Why has iconic filmmaker Steven Spielberg left his childhood movie camera in a Philadelphia museum? 

The little 1950’s 8 mm box is part of the story in the Philly’s newest historical repository, the National Museum of Jewish American History. Like much of what else you find in Philly’s extensive historical repertoire, this attraction educates visitors about the history of both America and the city that played such a pivotal role in shaping the culture. Religious tolerance and freedom were the vision of founder William Penn, and the City of Brotherly Love still reflects his emphasis on diversity.

 Located right on Independence Mall and near the iconic Liberty Bell – the new $150 million, 100,000 square-foot museum (a Smithsonian affiliate) – tells the stories, struggles and triumphs of Jewish immigrants to America and their contributions to society. It is the only museum in the nation that chronicles the history of Jews inAmerica. 
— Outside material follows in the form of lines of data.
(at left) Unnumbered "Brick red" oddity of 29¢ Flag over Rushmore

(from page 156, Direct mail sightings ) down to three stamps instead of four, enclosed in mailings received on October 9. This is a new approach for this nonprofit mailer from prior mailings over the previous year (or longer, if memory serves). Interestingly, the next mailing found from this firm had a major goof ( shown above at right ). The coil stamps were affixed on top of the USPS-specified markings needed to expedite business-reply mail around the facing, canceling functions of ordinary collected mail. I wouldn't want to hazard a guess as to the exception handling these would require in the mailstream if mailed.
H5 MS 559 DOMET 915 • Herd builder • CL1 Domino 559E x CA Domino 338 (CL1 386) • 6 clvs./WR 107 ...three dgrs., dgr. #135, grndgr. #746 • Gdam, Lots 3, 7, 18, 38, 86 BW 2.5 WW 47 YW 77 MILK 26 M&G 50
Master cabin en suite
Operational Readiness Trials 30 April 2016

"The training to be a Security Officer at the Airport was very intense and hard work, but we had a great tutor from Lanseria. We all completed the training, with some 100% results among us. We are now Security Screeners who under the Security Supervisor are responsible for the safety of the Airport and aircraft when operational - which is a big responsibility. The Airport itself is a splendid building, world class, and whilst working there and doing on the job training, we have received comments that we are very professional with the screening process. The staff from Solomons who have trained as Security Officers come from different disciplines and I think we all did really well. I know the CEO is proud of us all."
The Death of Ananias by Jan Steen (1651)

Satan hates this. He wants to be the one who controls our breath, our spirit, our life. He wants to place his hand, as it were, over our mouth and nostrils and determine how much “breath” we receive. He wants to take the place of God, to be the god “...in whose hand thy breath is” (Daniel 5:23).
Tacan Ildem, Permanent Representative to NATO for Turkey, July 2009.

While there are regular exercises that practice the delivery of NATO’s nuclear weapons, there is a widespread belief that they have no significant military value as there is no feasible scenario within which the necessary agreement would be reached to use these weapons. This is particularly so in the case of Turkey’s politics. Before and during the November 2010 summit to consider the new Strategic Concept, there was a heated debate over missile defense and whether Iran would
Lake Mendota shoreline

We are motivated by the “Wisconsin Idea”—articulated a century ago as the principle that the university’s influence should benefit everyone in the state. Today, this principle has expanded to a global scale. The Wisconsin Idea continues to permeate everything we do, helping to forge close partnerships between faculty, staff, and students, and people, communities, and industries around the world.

The narrative begins in 1654 with the arrival of 23 Jewish settlers in New Amsterdam (laterNew York City) where Governor Peter Stuyvesant, greeted them as “hateful enemies and blasphemers of the name of Christ.” 

The formation story of Jewish American identity continues through four floors of exhibits and theater screenings. The triumphant end exhibit, “Only inAmerica” Hall of Fame touts the achievements of luminaries such as Jonas Salk, Estee Lauder, Leonard Bernstein, and others. This is the place to see Irving Berlin’s piano and signed sheet music, Barbra Streisand’s costume from the 1983 film “Yentil,” Steven Spielberg’s camera, and other artifacts. 
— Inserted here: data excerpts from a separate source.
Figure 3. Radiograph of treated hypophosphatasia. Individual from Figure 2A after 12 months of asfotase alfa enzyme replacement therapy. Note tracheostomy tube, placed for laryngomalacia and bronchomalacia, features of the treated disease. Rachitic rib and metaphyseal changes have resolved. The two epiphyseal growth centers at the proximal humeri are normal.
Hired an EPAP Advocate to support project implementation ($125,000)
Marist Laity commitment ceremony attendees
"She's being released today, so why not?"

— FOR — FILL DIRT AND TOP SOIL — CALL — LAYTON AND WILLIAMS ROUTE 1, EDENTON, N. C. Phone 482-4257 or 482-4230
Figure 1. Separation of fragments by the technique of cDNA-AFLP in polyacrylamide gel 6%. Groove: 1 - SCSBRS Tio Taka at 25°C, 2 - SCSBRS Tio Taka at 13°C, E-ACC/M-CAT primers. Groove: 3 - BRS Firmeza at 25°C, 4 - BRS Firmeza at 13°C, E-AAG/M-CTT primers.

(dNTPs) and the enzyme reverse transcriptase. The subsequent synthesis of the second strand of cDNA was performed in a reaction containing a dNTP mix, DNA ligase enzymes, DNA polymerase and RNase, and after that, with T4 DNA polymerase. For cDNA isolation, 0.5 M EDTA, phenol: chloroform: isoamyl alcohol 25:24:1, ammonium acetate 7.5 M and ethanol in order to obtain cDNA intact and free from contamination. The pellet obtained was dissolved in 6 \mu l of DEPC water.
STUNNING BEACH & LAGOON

Irving Berlin at his piano in 1948

Other galleries along the way deal with the reasons Jews came to America’s shores and how they assimilated into the culture, often with great difficulty. The struggles are evident, for example, in a depiction of an early 20th century sweatshop where clothing was produced under stressful and unhealthy conditions. 

Little known stories like the division in the American Jewish community about slavery, Maryland’s early 19th century “Jew Bill” that awarded Jews civil rights; and General Ulysses S. Grant’s orders to expel Jews from the area under his control in a bid to extinguish black market cotton are included in the museum’s educational exhibits. 

Everyone enjoys the various film shorts that range from Hollywood producers, actors and comedians, to politics, snips from Yiddish theater, civil rights and the founding of the State of Israel in 1948. 

Philadelphia’s spiritual history is rich and includes the heritage of diversity that has been the city’s culture since William Penn founded it. In one small city section, you can find a Catholic church, Presbyterian church, the nation’s oldest synagogue, and the oldest AME church in the country – all testimonies to Penn’s vision of creating a haven for religious freedom. 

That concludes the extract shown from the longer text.